====== Data records ======
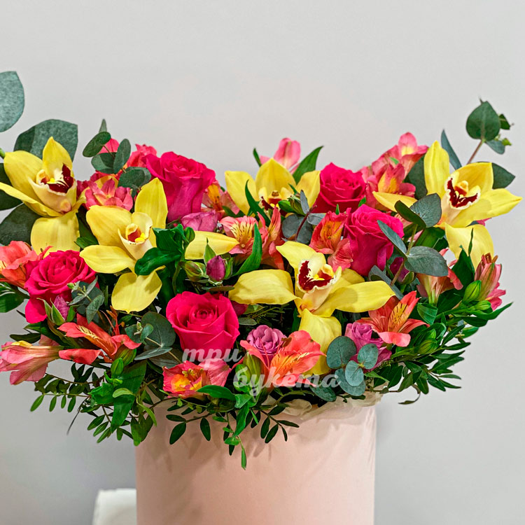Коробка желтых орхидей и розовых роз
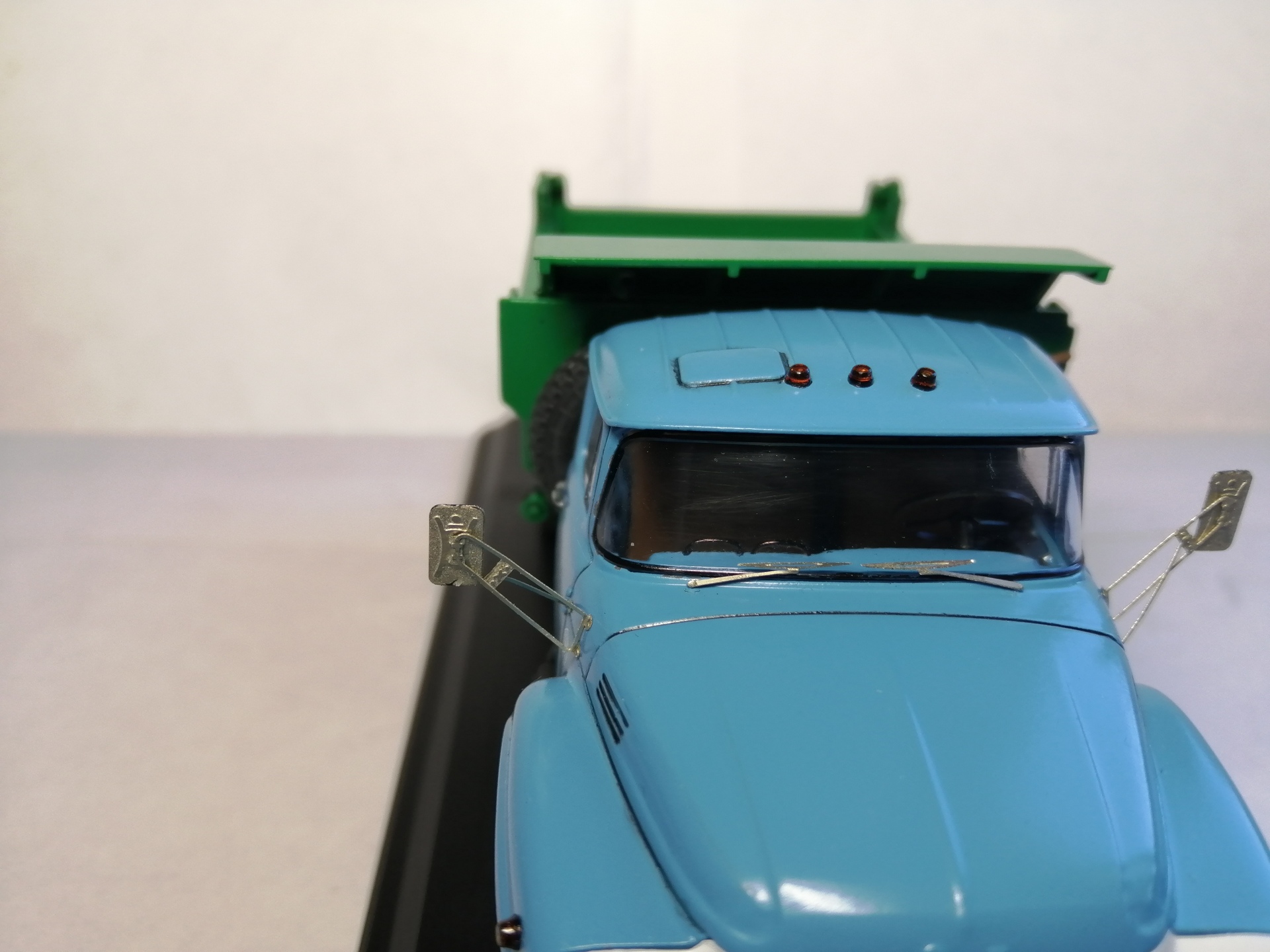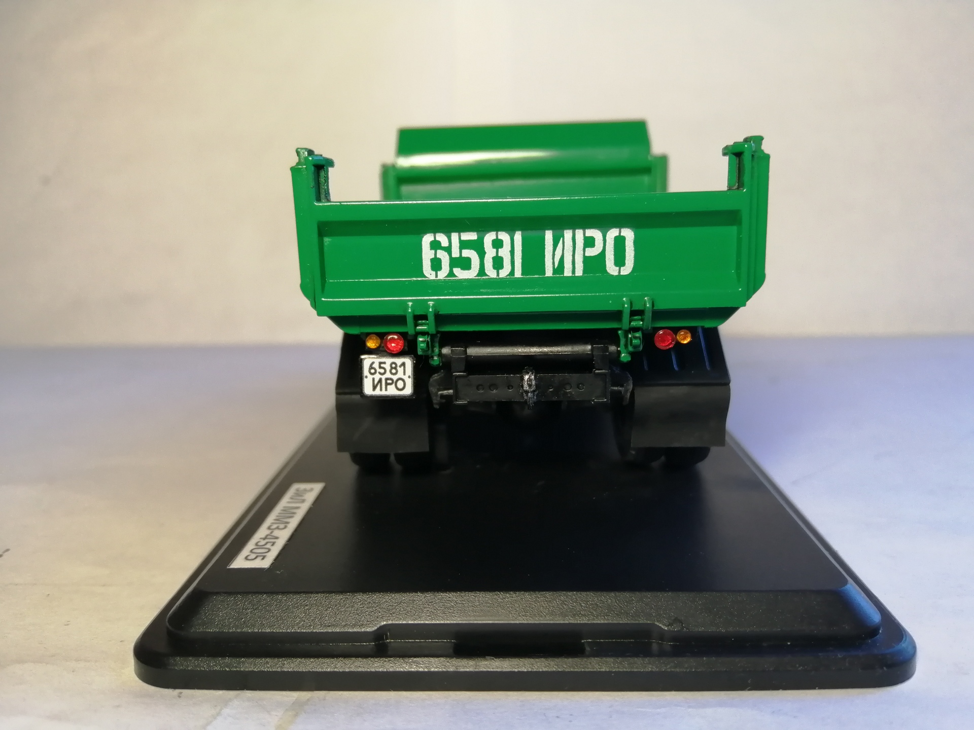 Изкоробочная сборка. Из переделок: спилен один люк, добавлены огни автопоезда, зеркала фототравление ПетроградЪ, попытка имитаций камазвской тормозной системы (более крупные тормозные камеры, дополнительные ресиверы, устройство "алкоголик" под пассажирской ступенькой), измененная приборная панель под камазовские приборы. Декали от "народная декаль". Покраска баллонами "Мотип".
======
====== Data records ======
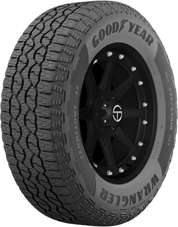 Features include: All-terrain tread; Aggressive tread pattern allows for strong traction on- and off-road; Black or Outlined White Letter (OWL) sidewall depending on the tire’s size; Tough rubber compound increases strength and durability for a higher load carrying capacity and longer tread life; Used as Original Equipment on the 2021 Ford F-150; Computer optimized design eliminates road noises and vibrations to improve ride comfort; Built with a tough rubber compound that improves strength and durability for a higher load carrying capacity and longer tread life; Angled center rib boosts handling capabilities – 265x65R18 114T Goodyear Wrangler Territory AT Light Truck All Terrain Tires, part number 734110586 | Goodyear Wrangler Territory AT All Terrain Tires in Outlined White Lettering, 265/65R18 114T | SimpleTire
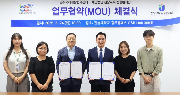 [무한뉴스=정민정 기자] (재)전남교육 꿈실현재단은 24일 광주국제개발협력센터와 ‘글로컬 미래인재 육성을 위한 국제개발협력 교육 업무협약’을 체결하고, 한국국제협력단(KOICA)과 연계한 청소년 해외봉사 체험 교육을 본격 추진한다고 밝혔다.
======
» Exercise objective
Once the line with "Коробка желтых орхидей и розовых роз" is found in the data above, reproduce it and each line after it exactly, through the line with "Изкоробочная сборка. Из". Omit the pictures.

» Answer space
Коробка желтых орхидей и розовых роз
 Изкоробочная сборка. Из переделок: спилен один люк, добавлены огни автопоезда, зеркала фототравление ПетроградЪ, попытка имитаций камазвской тормозной системы (более крупные тормозные камеры, дополнительные ресиверы, устройство "алкоголик" под пассажирской ступенькой), измененная приборная панель под камазовские приборы. Декали от "народная декаль". Покраска баллонами "Мотип".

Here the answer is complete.